### [EXERCISE DIRECTIONS]
Exactly the lines below starting at the line with "Featuring Irregular, overlapping" and ending at the line with "This 20 piece" are wanted, with both ends included. Leave out the pictures and add no other lines.
### EXERCISE INPUT ###
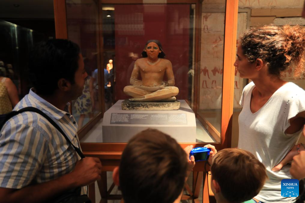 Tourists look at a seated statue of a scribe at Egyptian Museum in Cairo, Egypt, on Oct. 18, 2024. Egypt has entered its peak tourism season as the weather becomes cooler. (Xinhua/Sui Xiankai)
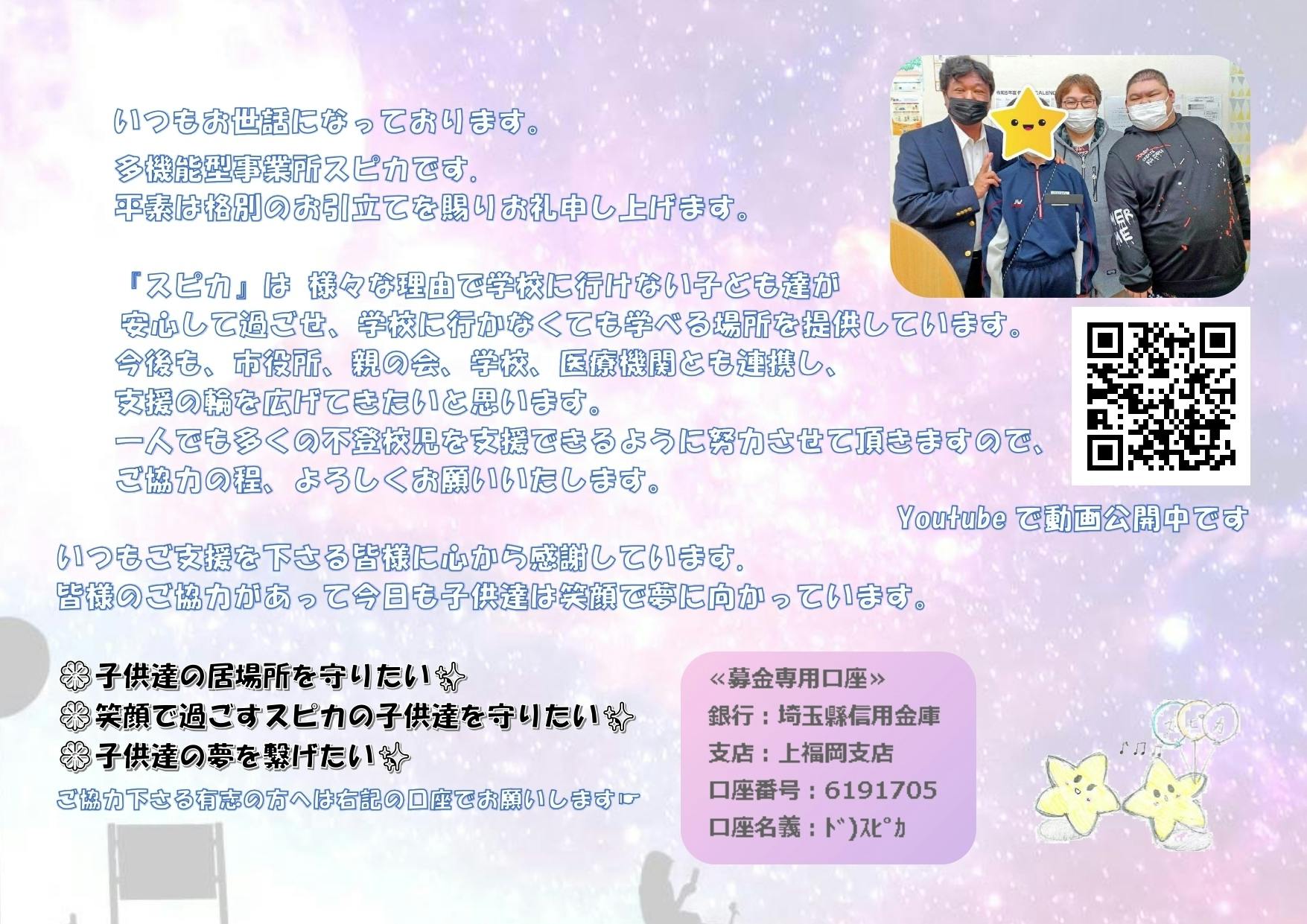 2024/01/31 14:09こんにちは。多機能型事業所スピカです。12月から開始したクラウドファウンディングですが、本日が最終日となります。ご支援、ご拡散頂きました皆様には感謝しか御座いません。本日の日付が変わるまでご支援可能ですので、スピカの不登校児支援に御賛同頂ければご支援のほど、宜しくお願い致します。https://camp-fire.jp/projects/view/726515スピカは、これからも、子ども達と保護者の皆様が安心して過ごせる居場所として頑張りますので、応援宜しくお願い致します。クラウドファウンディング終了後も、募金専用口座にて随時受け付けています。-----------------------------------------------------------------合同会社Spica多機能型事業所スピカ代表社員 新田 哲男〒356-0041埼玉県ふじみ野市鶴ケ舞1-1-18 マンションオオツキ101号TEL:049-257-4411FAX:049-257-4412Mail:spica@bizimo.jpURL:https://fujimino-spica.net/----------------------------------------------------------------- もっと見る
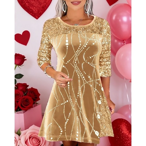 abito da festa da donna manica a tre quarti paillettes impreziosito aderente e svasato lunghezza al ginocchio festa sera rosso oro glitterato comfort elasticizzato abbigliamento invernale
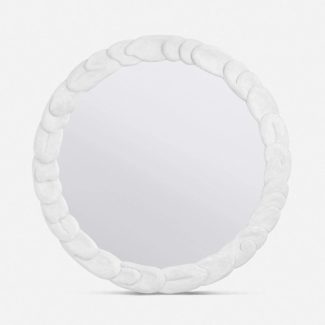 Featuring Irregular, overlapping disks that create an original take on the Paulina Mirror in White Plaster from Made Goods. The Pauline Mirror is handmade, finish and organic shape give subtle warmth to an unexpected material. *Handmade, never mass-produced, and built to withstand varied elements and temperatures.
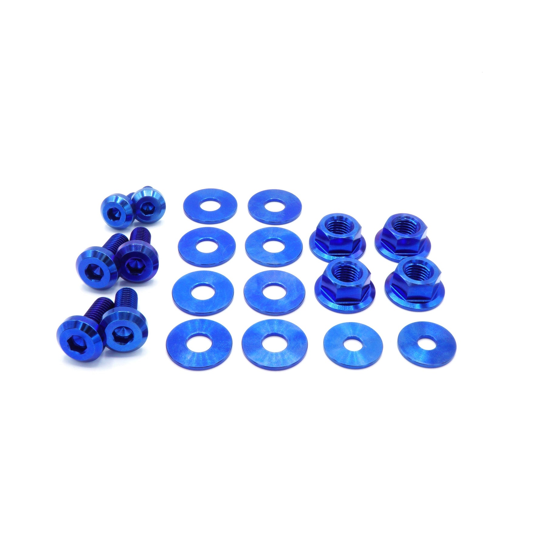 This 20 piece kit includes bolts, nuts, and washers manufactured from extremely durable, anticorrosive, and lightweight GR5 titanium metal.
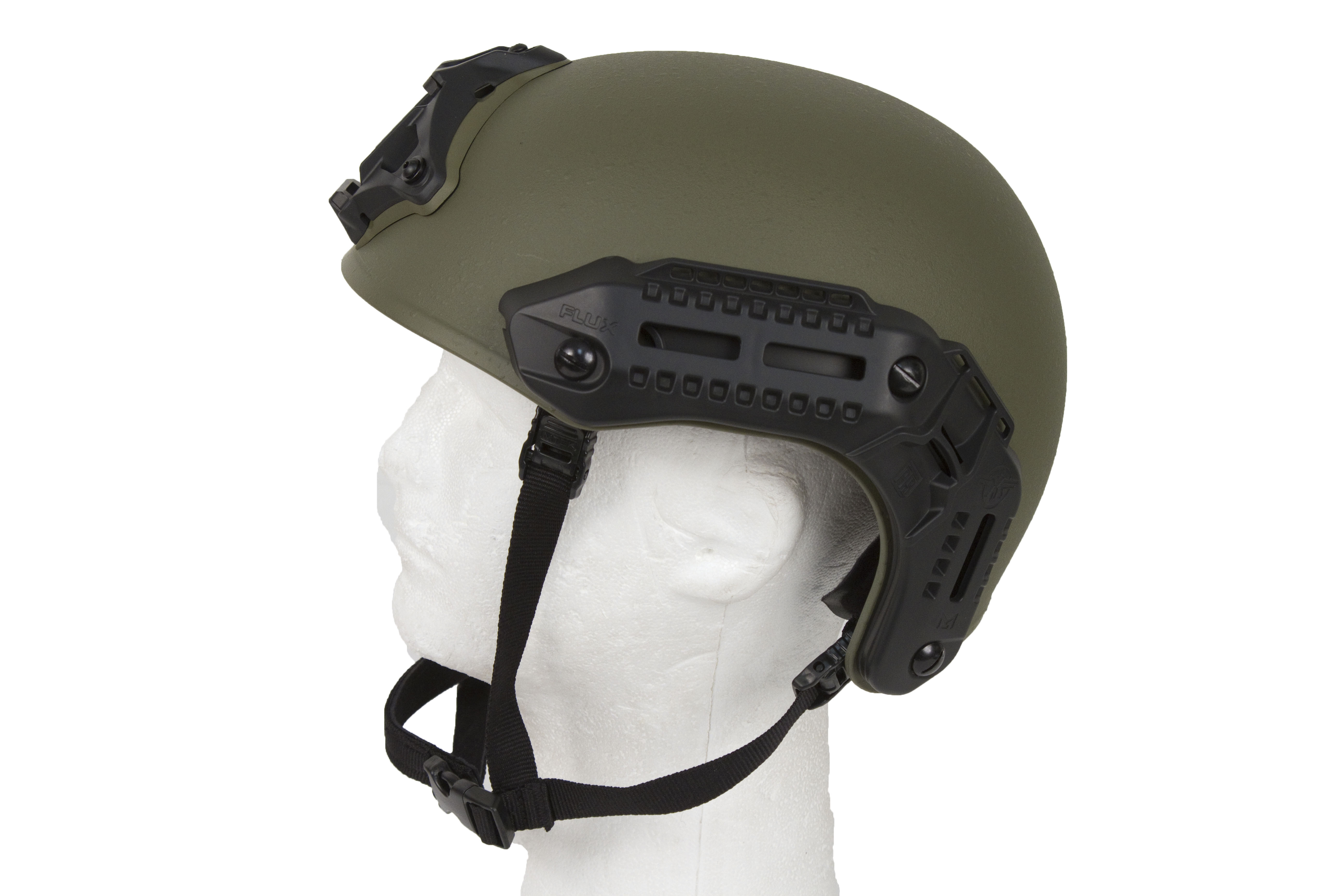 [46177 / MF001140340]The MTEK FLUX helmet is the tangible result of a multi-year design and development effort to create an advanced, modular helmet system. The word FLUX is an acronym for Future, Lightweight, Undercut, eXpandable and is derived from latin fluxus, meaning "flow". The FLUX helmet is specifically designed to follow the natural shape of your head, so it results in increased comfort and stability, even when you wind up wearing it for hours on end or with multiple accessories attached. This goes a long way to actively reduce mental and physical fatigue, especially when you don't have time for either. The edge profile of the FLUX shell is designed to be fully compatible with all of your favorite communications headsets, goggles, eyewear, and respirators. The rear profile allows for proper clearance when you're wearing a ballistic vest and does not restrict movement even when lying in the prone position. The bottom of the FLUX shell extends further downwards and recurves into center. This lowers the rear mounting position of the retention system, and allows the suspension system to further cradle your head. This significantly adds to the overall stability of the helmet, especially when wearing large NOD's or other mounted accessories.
###
### [SOLVED EXERCISE]
 Featuring Irregular, overlapping disks that create an original take on the Paulina Mirror in White Plaster from Made Goods. The Pauline Mirror is handmade, finish and organic shape give subtle warmth to an unexpected material. *Handmade, never mass-produced, and built to withstand varied elements and temperatures.
 This 20 piece kit includes bolts, nuts, and washers manufactured from extremely durable, anticorrosive, and lightweight GR5 titanium metal.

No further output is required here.